Q2 to Test Resilient Stocks, Inflation Peak: Global Market Themes for Week Ahead

As the second quarter unfolds, the bigger question is when runaway inflation will finally peak.

Federal Reserve minutes and a meeting of the Reserve Bank of Australia will provide insight into the thinking of rate setters. The resilience of equities and the Russian ruble could be tested.

Here is your week ahead in the markets:


Federal Reserve Board Chairman Jerome Powell speaks during lunch at the 2022 NABE Economic Policy Conference at the Ritz-Carlton on March 21 in Washington.Samuel Corum/Getty Images

Judging by the inversion, albeit brief, of a closely watched portion of the Treasury yield curve, US recession risks are rising.

An inverted curve has a strong track record for predicting recessions, but how to interpret recent bond movements presents a conundrum for investors. After the Federal Reserve meeting on March 16 offered a glowing assessment of the economic outlook, stocks are taking the bond sell-off in stride.

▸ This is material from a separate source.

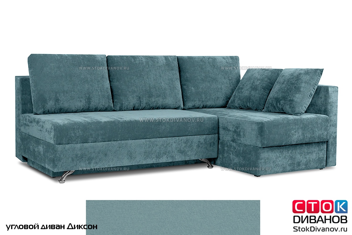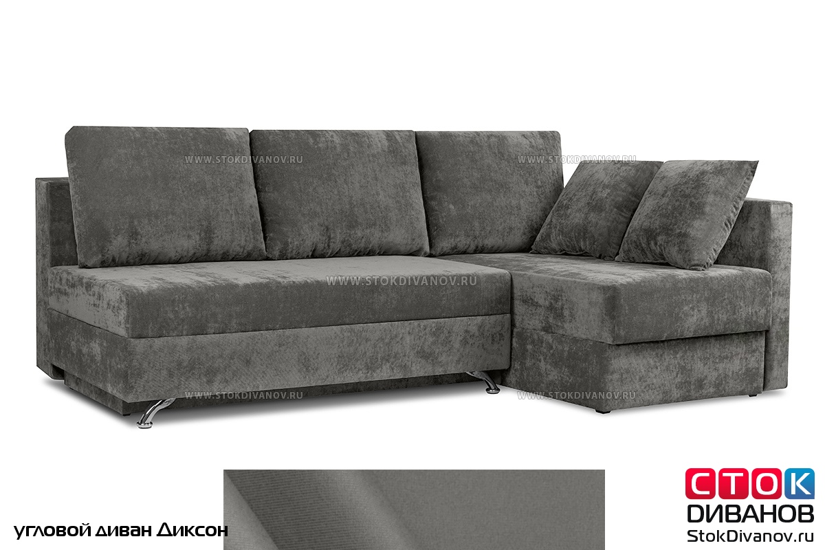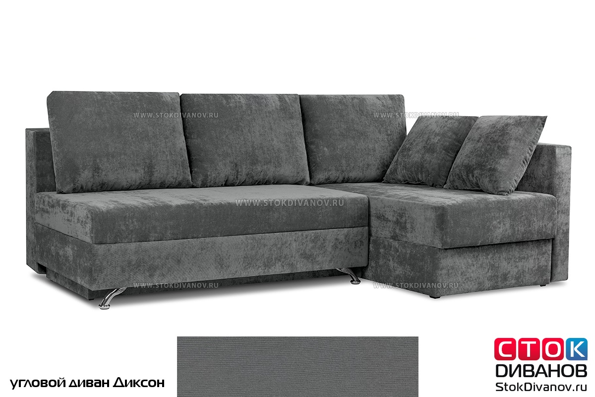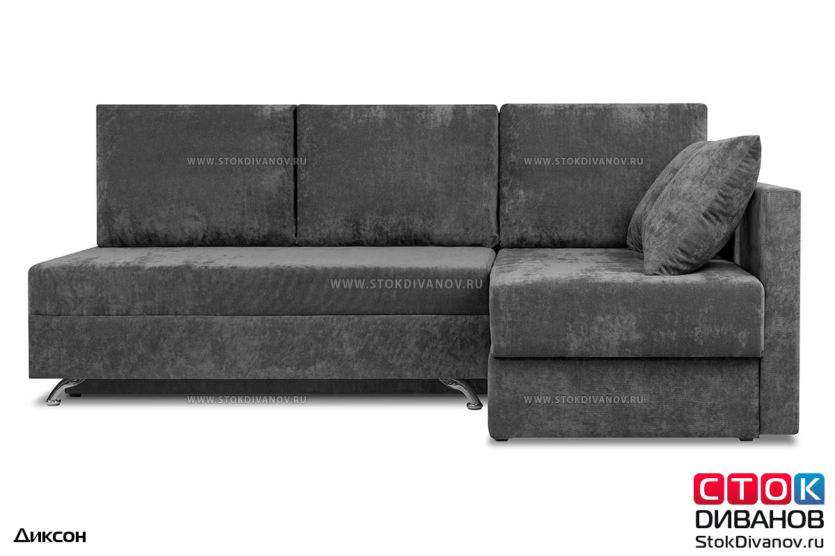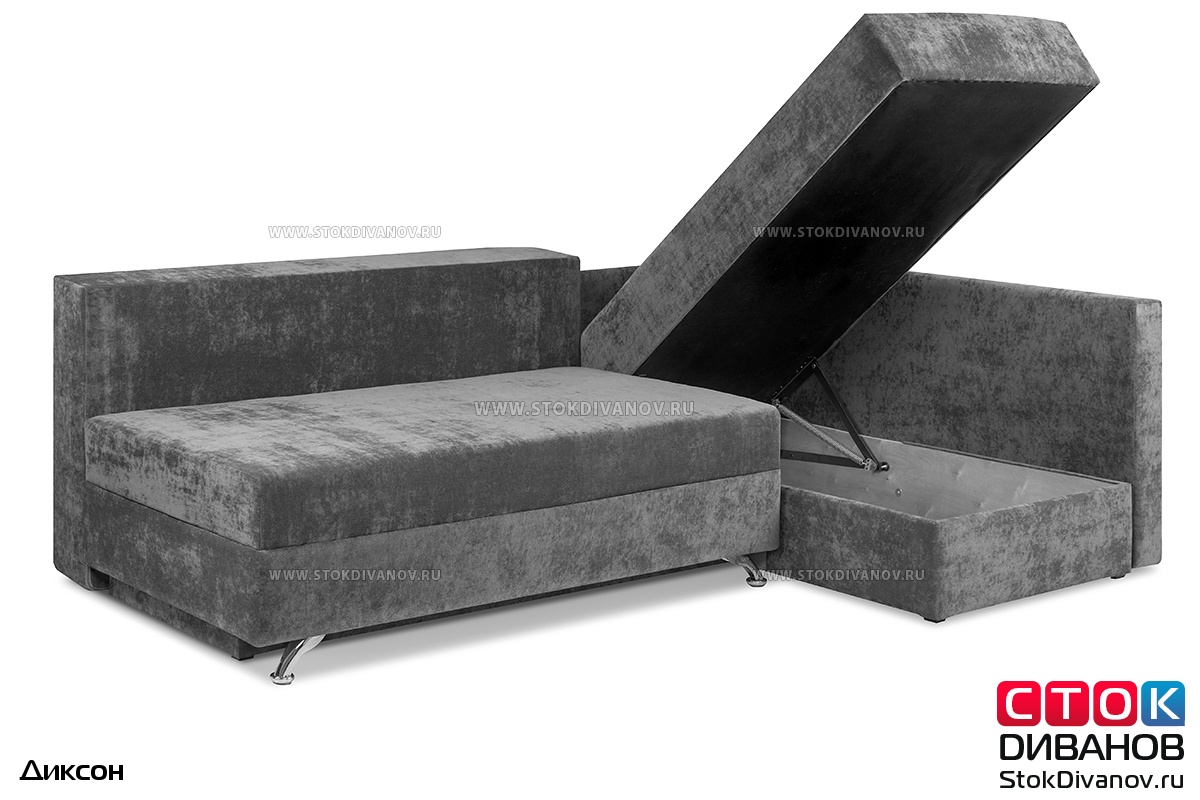 Угловой диван Диксон – компактный угловой диван со спальным местом. Простой и надежный механизм трансформации - Еврокнижка. Один длинный подлокотник по длине всего спального места. В основе дивана используется пружинный блок (зависимый). Ящик для белья.

On Wednesday, the minutes of that Fed meeting should show how politicians see the picture. They have already signaled larger rate hikes to rein in inflation, which is at a four-decade high. Details about how quickly the Fed could shrink its $9 trillion balance sheet, a risk some believe markets are underestimating, would also be key.


A man walks past the Bank of Japan headquarters in Tokyo, Japan, on May 22, 2020.KIM KYUNG-HOON/Reuters

The Bank of Japan has put its money where its mouth is, demonstrating its position as the world’s most dovish major central bank. His standing offer to buy benchmark government bonds signals a powerful defense of his policy of yield curve control.

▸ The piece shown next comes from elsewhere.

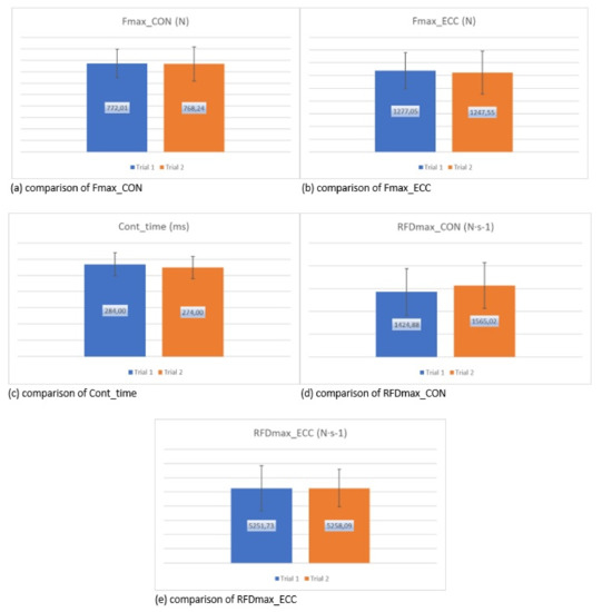 In the variable FmaxCON, the highest correlation between the observed measurements was noticed (ICC = 0.89). Moreover, good reliability (ICC = 0.86) was obtained in the variables Fmax_ECC and RFDmax_ECC. The correlation coefficient for the RFDmax_CON variable is 0.80. Of all the observed parameters, the smallest correlation between the two measurements was obtained in the Cont_time variable (ICC = 0.76). Greatest percentage of change between measurements (9.84%) was determined in RFDmax_CON.

The effect of that binge is debatable: Yields have only dipped slightly from six-year highs, and that possibly had a lot to do with the drop in US Treasury yields from multi-year highs.

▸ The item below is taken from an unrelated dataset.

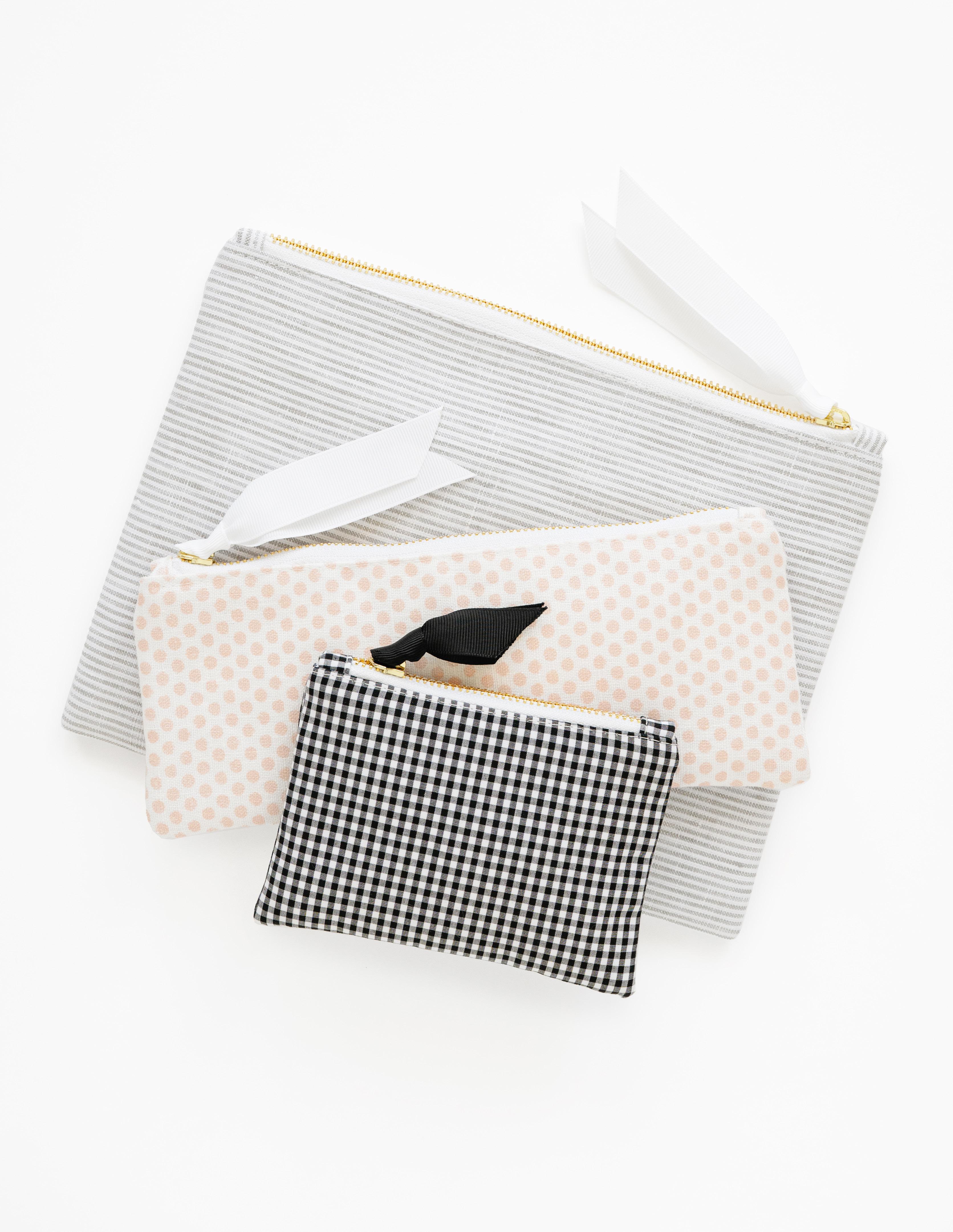 PENCIL POUCH, BLACK + WHITE GINGHAM

And there is a collateral victim of the BOJ’s big easing: the yen, which has reached depths not seen since 2015. While the BOJ maintains that a weaker currency is generally positive for the economy, the puzzlement of a row of government suggests a different opinion.

Meanwhile, Australia’s central bank meets on Tuesday and while no policy change is expected, the bank may go further in laying the groundwork for a rate hike. Markets expect one around June.


A trader works on the floor of the New York Stock Exchange (NYSE) on March 30.BRENDAN MCDERMID/Reuters

Two weeks ago, Wall Street’s S&P 500 and MSCI’s main global stock index were down 14% for the year and the Nasdaq was officially in sub-20% “bear” market territory.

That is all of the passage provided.